To address the assessment misalignment problem, in this paper, we propose an alignment fine-tuning
(AFT) paradigm to improve LLM reasoning with three steps: 1) fine-tuning LLMs using COT
training data; 2) generating multiple COT responses for each question using the fine-tuned LLMs,
and categorizing them as positive and negative based on whether they deduce the correct answer;
3) calibrating the scores of positive and negative responses given by LLMs with a novel constraint
alignment (CA) loss. Specifically, the CA loss ensures that all positive scores (the scores of positive
COTs) are larger than negative scores. In addition, the negative scores are protected by a constraint
term, which is proven to be very important in preventing model degradation. Beyond just binary
positive and negative feedback, the CA loss can be seamlessly adapted to ranking situat

In [21]:
load_dotenv()

class RAGGenerator:
    def __init__(self, api_key: str = None, base_url: str = None, model_name: str = "gpt-5-nano:free"):
        """
        Initialize the OpenAI-compatible client.

        Args:
            api_key: Your API Key (use "dummy" for local models like Ollama)
            base_url: The API endpoint (e.g., "http://localhost:11434/v1" for Ollama)
            model_name: The specific model to target (e.g., "llama3", "gpt-4o")
        """
        self.client = OpenAI(
            api_key=api_key or os.getenv("OPENAI_API_KEY"),
            base_url=base_url or os.getenv("OPENAI_BASE_URL")
        )
        self.model_name = model_name

    def construct_prompt(self, query: str, context_chunks: List[str]) -> str:
        """
        Builds the prompt by combining the user query with retrieved context.
        """
        # Join chunks with a clear separator
        context_str = "\n\n---\n\n".join(context_chunks)

        prompt = f"""You are a helpful assistant for maritime regulations.
Answer the user's question based ONLY on the following context.
If the answer is not in the context, say "I don't know."
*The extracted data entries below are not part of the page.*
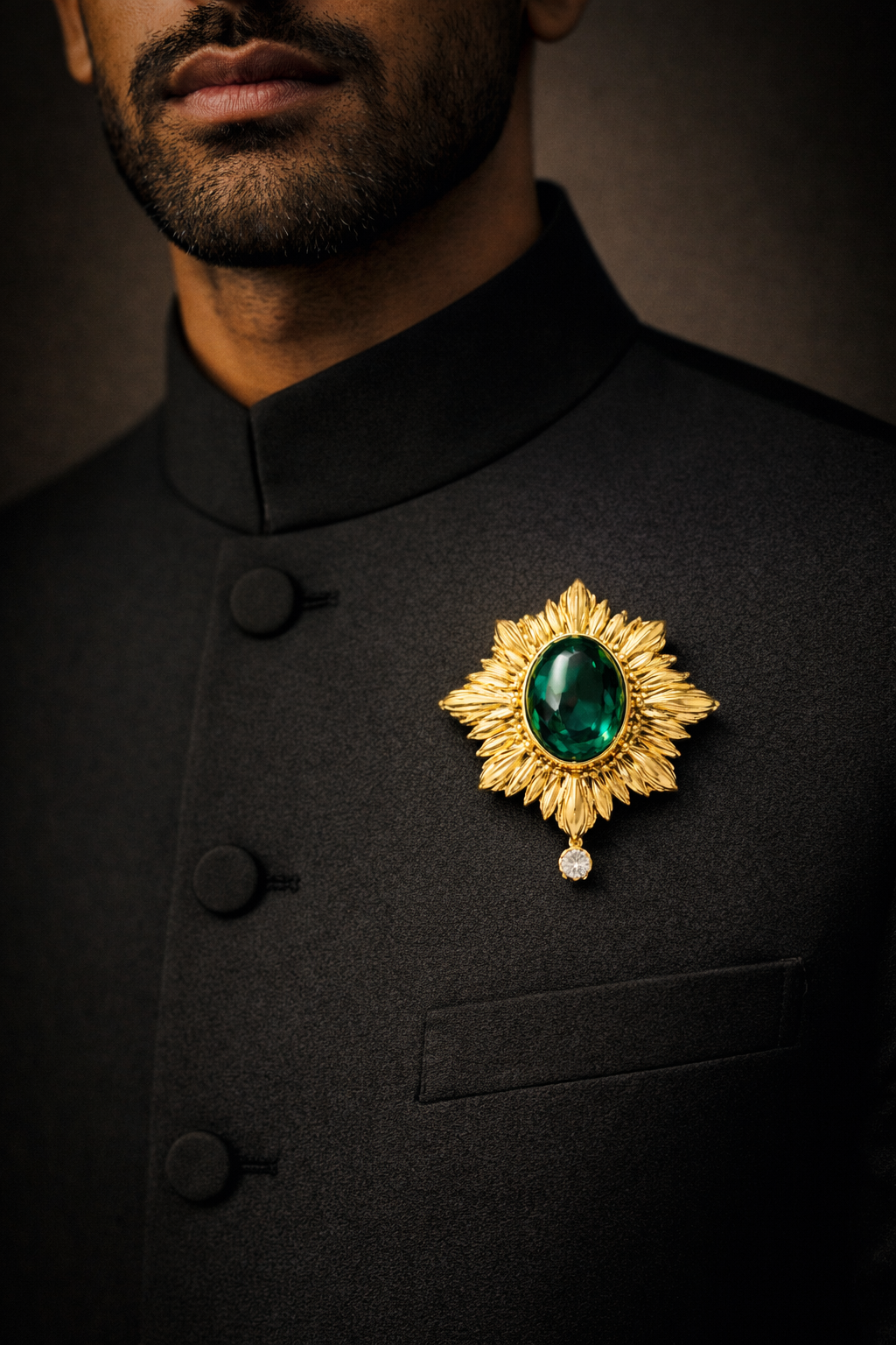Elevate your formal wear with this distinguished brooch, meticulously crafted from pure silver and adorned with a striking emerald stone. The verdant gem captures light beautifully, adding sophistication to any ensemble. Its golden accents provide a refined contrast, creating a timeless piece that speaks to refined taste. Ideal for the discerning gentleman who values quality craftsmanship and understated elegance. A versatile accessory that transitions seamlessly from boardroom to evening occasions.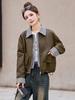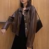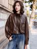 Chaqueta corta de piel de oveja para mujer, estilo coreano, holgada, de marca, primavera y otoño de 2025
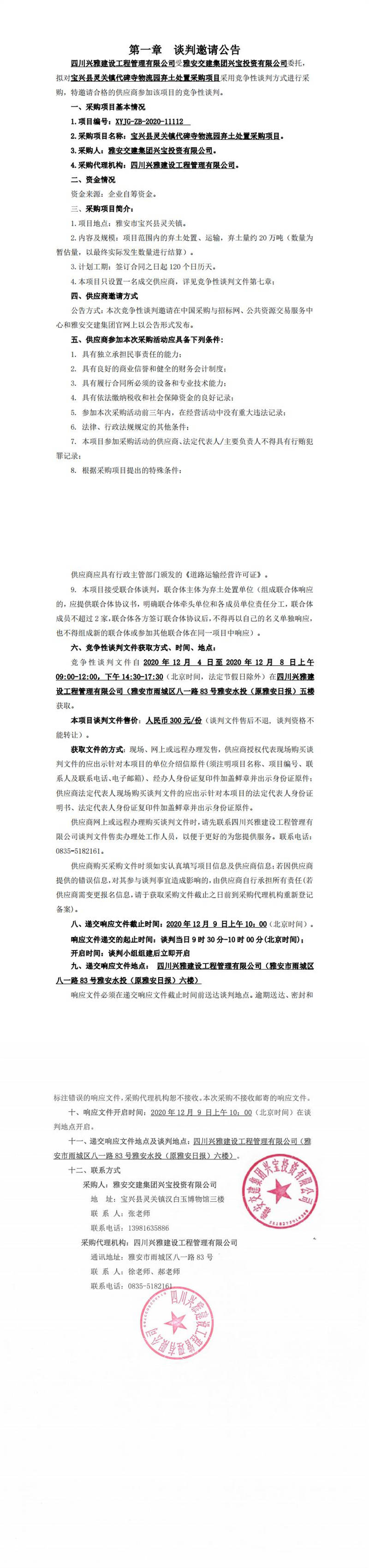 雅安交建集團(tuán)興寶投資有限公司寶興縣靈關(guān)鎮(zhèn)代碑寺物流園棄土處置采購項(xiàng)目談判公告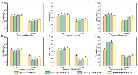 Effect of the number of stages in distillation on EPA-EE content and DHA-EE content in residues ((A) 85 °C; (C) 100 °C; (E) 115 °C) and distillates ((B) 85 °C; (D) 100 °C; (F) 115 °C). Values with different lowercase letters (a–d) or uppercase letters (A–D) are significantly different at p < 0.05.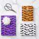 Ein Set aus Verpackungspapier mit einem Halloween-Fledermausmuster auf lila, orangefarbenen und hellen Orangenhintergründen. Anpassen der Hintergrundfarbe, der Mustergröße unter anderen Optionen.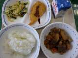 1月26日の給食は、筑前煮、アーモンドあえ、にぎすフライ、ごはん、牛乳でした。た...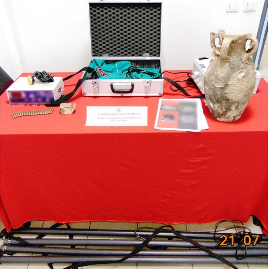 Πρόκειται για δύο Έλληνες ηλικίας 69 και 38 ετών και ενός 31χρονου Γεωργιανού, σε βάρος των οποίων σχηματίσθηκε δικογραφία για τα κατά περίπτωση αδικήματα της παράβασης του Νόμου για την «Προστασία των Αρχαιοτήτων και εν γένει της Πολιτιστικής Κληρονομιάς» και Νόμου «Περί όπλων».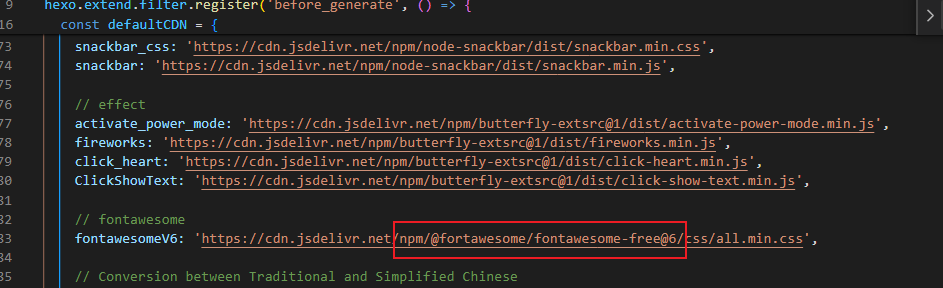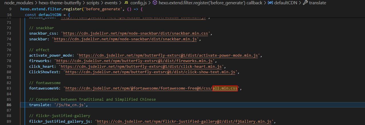 这个地址肯定要换, 本着尽量避免改动主题代码的原则(毕竟在主题源文件中改了哪个0文件,就得把改的这个文件纳入版本控制以备我多设备写博客时部署博客的一致性以及博客持久化的需求), 就先去翻看了butterfly的官方文档, 发现其配置文件_config.yml中果然暴露的有修改cdn地址的配置项(一下省了很多事儿)。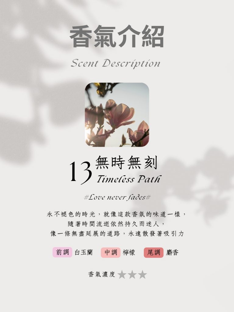 整個香氛散發著一種永恆不變的陪伴感代表著永不褪色的時光,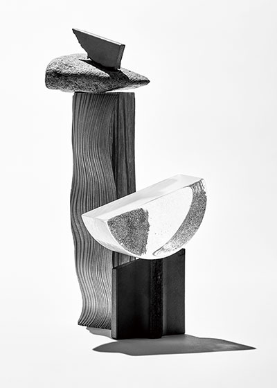 人智の及ばぬものとして自然への畏怖を感じながらも、同時に敬意を払い続ける。人と対立するものではなく、地続きの存在として認め、糧とする。土や石、木、水など素の造形に固有の美学を見出すとともに、人工的な美感を尊び、その間を振り子のように行きつ戻りつするなかに「箱庭」に見出される豊かさのグラデーション。自然と人工、落ち着きと刺激、日常と非日常の全てを否定することなく、愛する大らかさを有する空間家具。

The context may contain Markdown tables. Please interpret the rows and columns accurately.

### CONTEXT:
{context_str}

### USER QUESTION:
{query}

### ANSWER:
"""
        return prompt

    def generate_answer(self, query: str, context_chunks: List[str]) -> str:
        """
        Sends the prompt to the LLM and returns the response.
        """
        prompt = self.construct_prompt(query, context_chunks)

        try:
            response = self.client.chat.completions.create(
                model=self.model_name,
                messages=[
                    {"role": "system", "content": "You are a precise technical assistant."},
                    {"role": "user", "content": prompt}
                ],
                temperature=0.1, # Keep strict for RAG to avoid hallucinations
            )
            return response.choices[0].message.content
        except Exception as e:
            return f"Error during inference: {e}"


In [22]:
rag = RAGGenerator()

In [31]:
# 1. SIMULATE RETRIEVAL
query = "How does the 'Constraint' objective in AFT prevent model degradation?"
docs = search(query)
context = ["-> ".join([doc['source'], doc['content']]) for doc in docs]
# 2. GENERATE RESPONSE
print(f"Query: {query}\n")
answer = rag.generate_answer(query, context)
print(f"Response:\n{answer}")

Query: How does the 'Constraint' objective in AFT prevent model degradation?

Response:
The Constraint objective keeps negative scores confined to a reasonable range using a constraint term in the CA loss. This bound prevents negative scores from drifting too far, which protects against deterioration of the model’s performance (i.e., prevents model degradation) while still ensuring positive scores exceed negatives.